Regular physical activity during pregnancy is associated with multiple maternal and fetal health benefits. However, many pregnant women remain inactive due to lack of knowledge, misconceptions about safety, and low confidence to perform exercise. Educational strategies may help overcome these barriers, yet evidence on brief structured educational interventions in primary care settings remains limited.

This study is designed as a pilot randomized controlled trial to evaluate the feasibility and preliminary effectiveness of an educational intervention on therapeutic exercise during pregnancy.

Pregnant women between 24 and 36 weeks of gestation attending primary care health centers in the Principality of Asturias (Spain) will be invited to participate. Inclusion criteria include age ≥18 years, ability to understand Spanish, and low-risk pregnancy. Women with high-risk pregnancies, medical contraindications to exercise, or inability to complete online questionnaires will be excluded.

After providing informed consent, participants will complete baseline online questionnaires assessing:

Knowledge about exercise during pregnancy (Knowledge of Exercise during Pregnancy Scale - KEPS)

Exercise self-efficacy during pregnancy (adapted Pregnancy Exercise Self-Efficacy Scale)

Physical activity level (Pregnancy Physical Activity Questionnaire - PPAQ, Spanish validated version)

Participants will then be randomly assigned (1:1) to one of two groups:

Control group: Receives standard prenatal information routinely provided during midwife consultations.

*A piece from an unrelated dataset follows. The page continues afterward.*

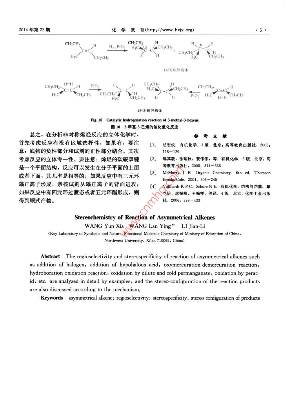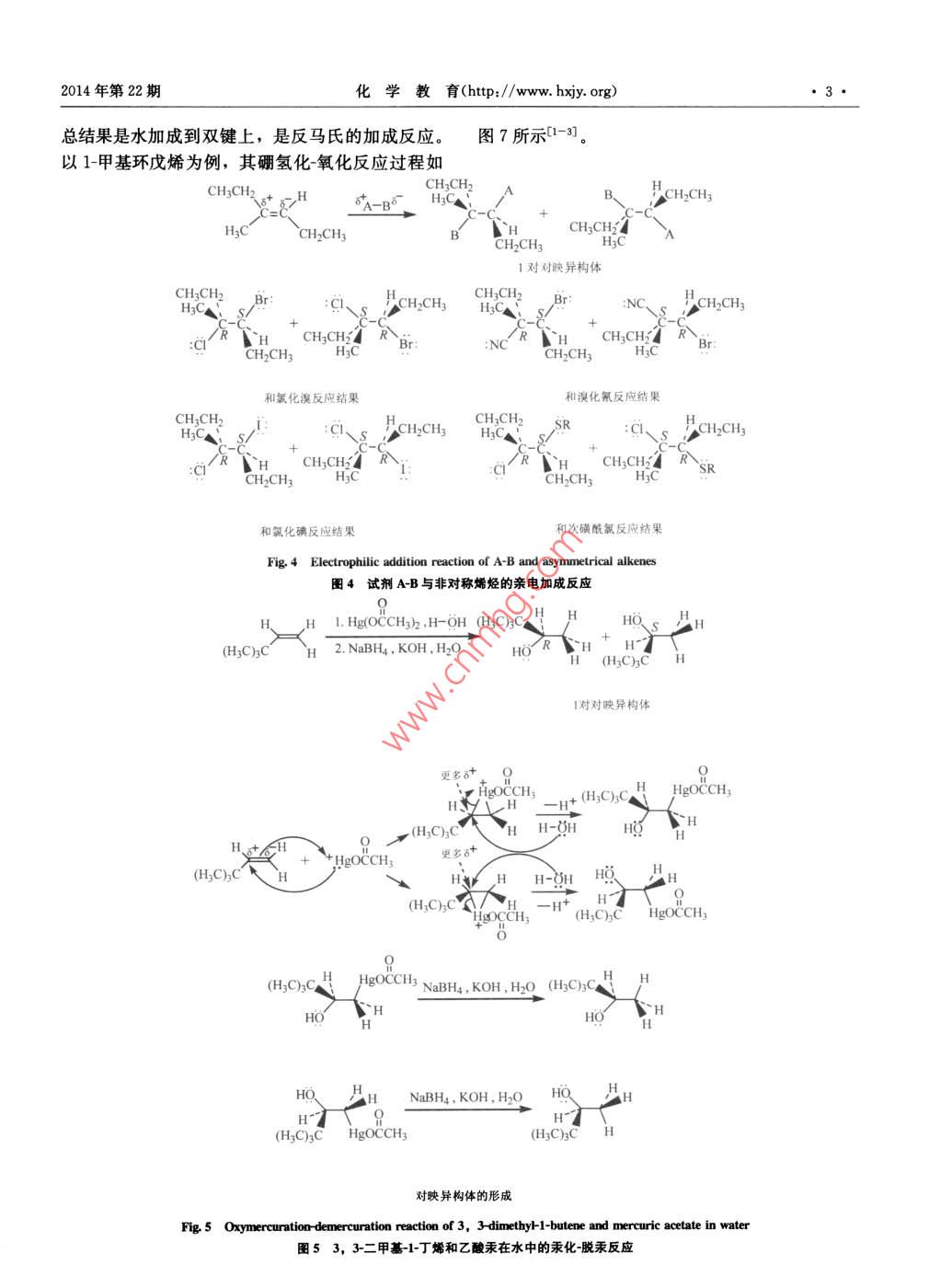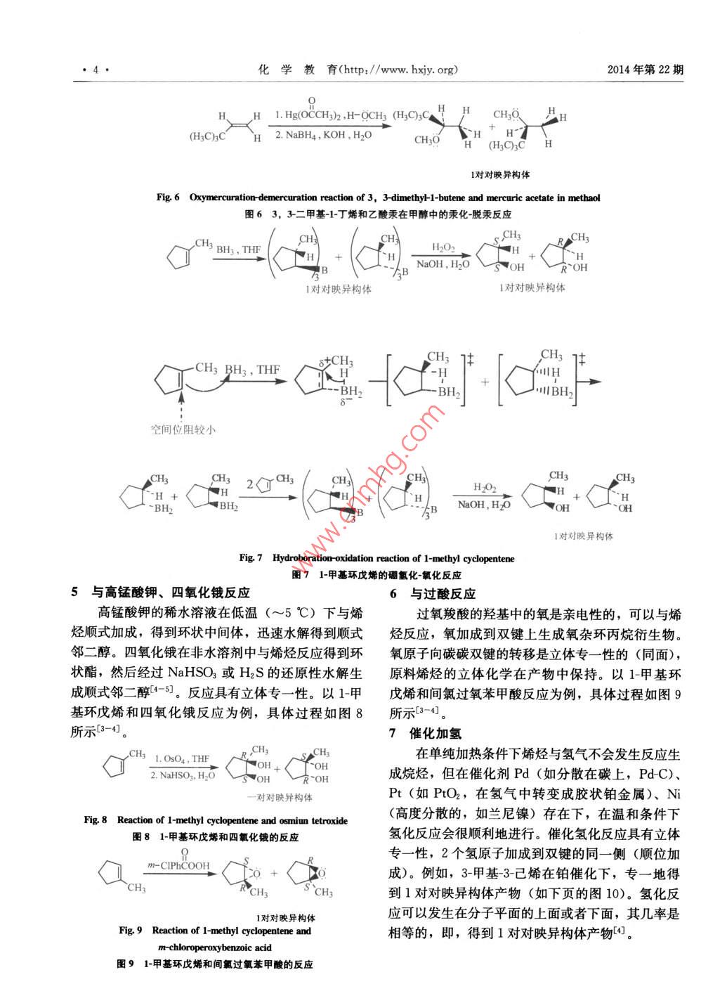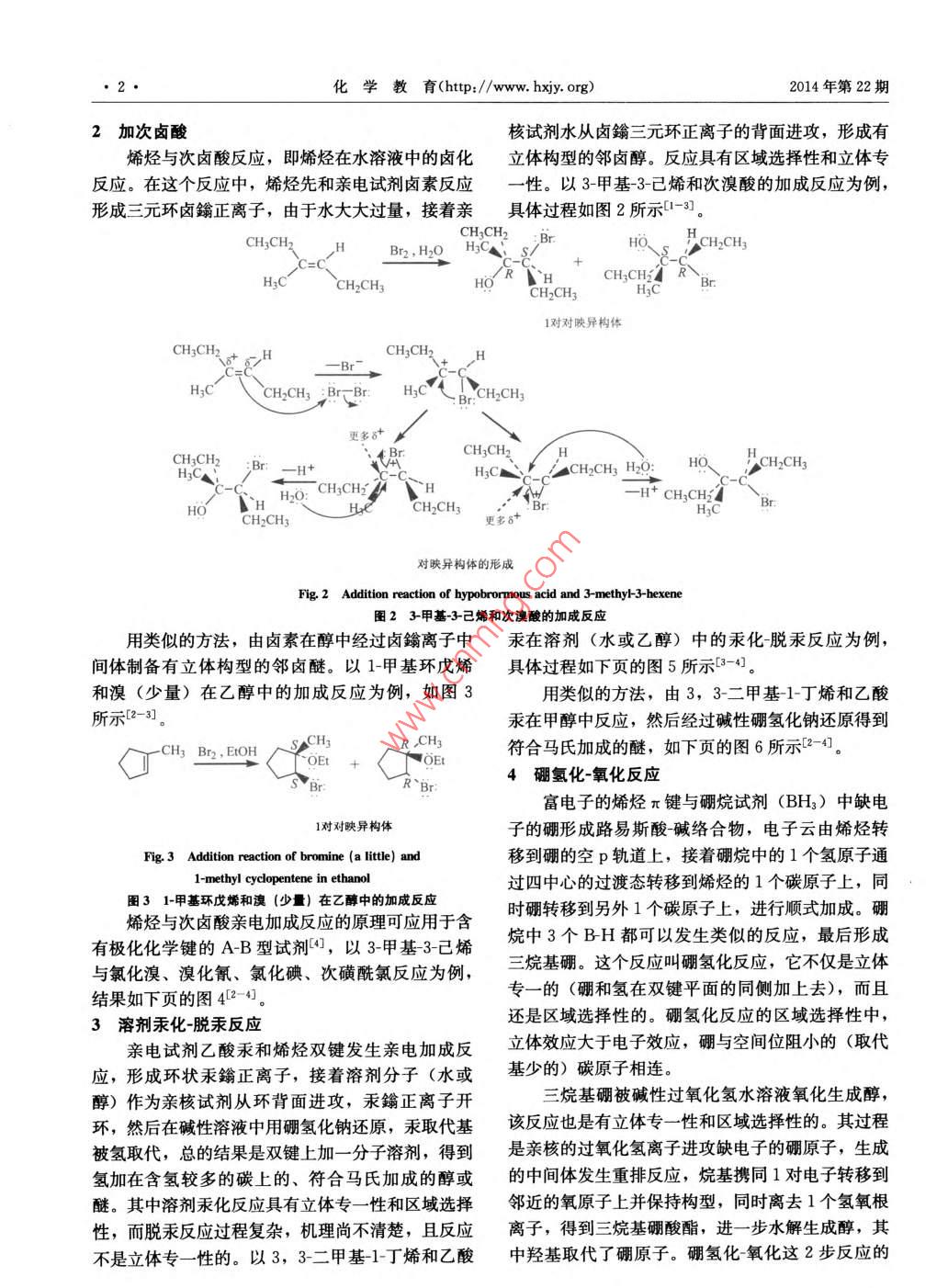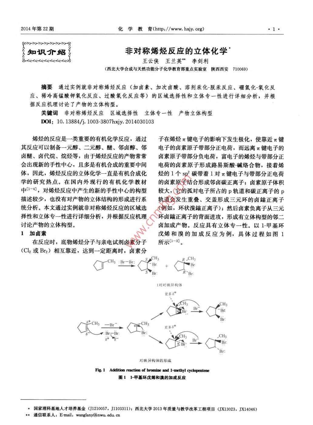 2014年第22期化學(xué)教育(http://www. hxjy. org)知識(shí)介紹非對(duì)稱(chēng)烯烴反應(yīng)的立體化學(xué)'王云俠王蘭英** 李劍利(西北大學(xué)合成與天然功能分子化學(xué)教育部重點(diǎn)實(shí)驗(yàn)室陜西西安710069)摘要通過(guò)實(shí)例就非對(duì)稱(chēng)烯烴反應(yīng) (加鹵素、加次鹵酸、溶劑汞化-脫汞反應(yīng)、硼氫化-氧化反應(yīng)、稀冷高錳酸鉀氧化反應(yīng)、過(guò)酸氧化反應(yīng)等)的區(qū)域選擇性和立體專(zhuān)一性進(jìn)行詳細(xì)分析,并根據(jù)反應(yīng)機(jī)理討論了產(chǎn)物的立體構(gòu)型。關(guān)鍵詞非對(duì)稱(chēng)烯烴反應(yīng) 區(qū)域選擇性 立體專(zhuān)一性 產(chǎn)物立體構(gòu) 型DOI: 10. 13884/j. 1003-3807hxjy. 2014030103烯烴的反應(yīng)是一-類(lèi)重要的有機(jī)化學(xué)反應(yīng),通過(guò)子在烯烴π鍵電子的影響下發(fā)生極化,使靠近π鍵其反應(yīng)可以制備-元醇、二元醇、醚、鄰鹵醇、鄰電子的鹵素原子帶部分正電荷,而遠(yuǎn)離π鍵電子的鹵醚、鹵代烷、烷烴等,由于烯烴反應(yīng)的產(chǎn)物常常鹵素原子帶部分負(fù)電荷,富電子的烯烴與帶部分正會(huì)出現(xiàn)新的手性中心,且多是有機(jī)合成的重要中間電荷的鹵素原子形成路易斯酸堿絡(luò)合物,接著烯體,因此,烯烴反應(yīng)的立體化學(xué)一直是有 機(jī)合成化烴的1個(gè)sp2碳帶著1對(duì)π鍵電子與帶部分正電荷學(xué)的研究熱點(diǎn)。在國(guó)內(nèi)外現(xiàn)行的有機(jī)化學(xué)教材的鹵素原子結(jié)合形成鄰鹵碳正離子;鹵素原子體積中1-4,對(duì)烯烴反應(yīng)中產(chǎn)生的新的手性中心的構(gòu)型較大,它的孤對(duì)電子所占的p軌道和碳正離子的p描述較少,也沒(méi)有對(duì)產(chǎn)物的立體結(jié)構(gòu)的形成進(jìn)行系軌道會(huì)發(fā)生重疊、交蓋形成三元環(huán)的鹵鑰正離子統(tǒng)分析。本文通過(guò)實(shí)例就非對(duì)稱(chēng)烯烴反應(yīng)的區(qū)域選(例如,環(huán)狀溴鑰正離子);然后鹵素負(fù)離子從三元擇性和立體專(zhuān)-性進(jìn)行詳細(xì)分析,并根據(jù)反應(yīng)機(jī)理環(huán)鹵鑰正離子的背面進(jìn)攻,形成有立體構(gòu)型的鄰討論產(chǎn)物的立體構(gòu)型。鹵加成產(chǎn)物。反應(yīng)具有立體專(zhuān)-性。以1-甲基環(huán)1加鹵素戊烯和溴的加成反應(yīng)為例,具體過(guò)程如圖1在反應(yīng)時(shí),底物烯烴分子與親電試劑鹵素分子所示[1-3]。(C2或Br2)相互靠近,達(dá)到- -定距離時(shí),鹵素分CH3R .CH3-CH;曲些Br +'BrBr:RBr:1對(duì)對(duì)映異構(gòu)體更多δ+ .VCH3<8.

Experimental group: Receives standard prenatal care plus a structured educational session delivered by a physiotherapist. The session lasts approximately 60 minutes and includes information on benefits and safety of exercise during pregnancy, recommendations on frequency and intensity, demonstration of adapted therapeutic exercises, and time for questions. The intervention is educational only and does not require mandatory physical exercise practice.

Two weeks after the intervention, all participants will complete the same questionnaires again.

Primary outcomes are changes in knowledge and exercise self-efficacy scores between baseline and follow-up. Secondary outcome is change in physical activity level measured by the PPAQ. As a pilot study, the planned sample size is 30-40 participants.

Data will be collected anonymously using coded identifiers. The study is considered minimal risk, as it involves only educational activities and questionnaire completion, without altering usual medical care.

Findings from this pilot trial will inform the feasibility of implementing structured educational interventions on exercise during pregnancy in primary care and provide preliminary data for future larger-scale studies.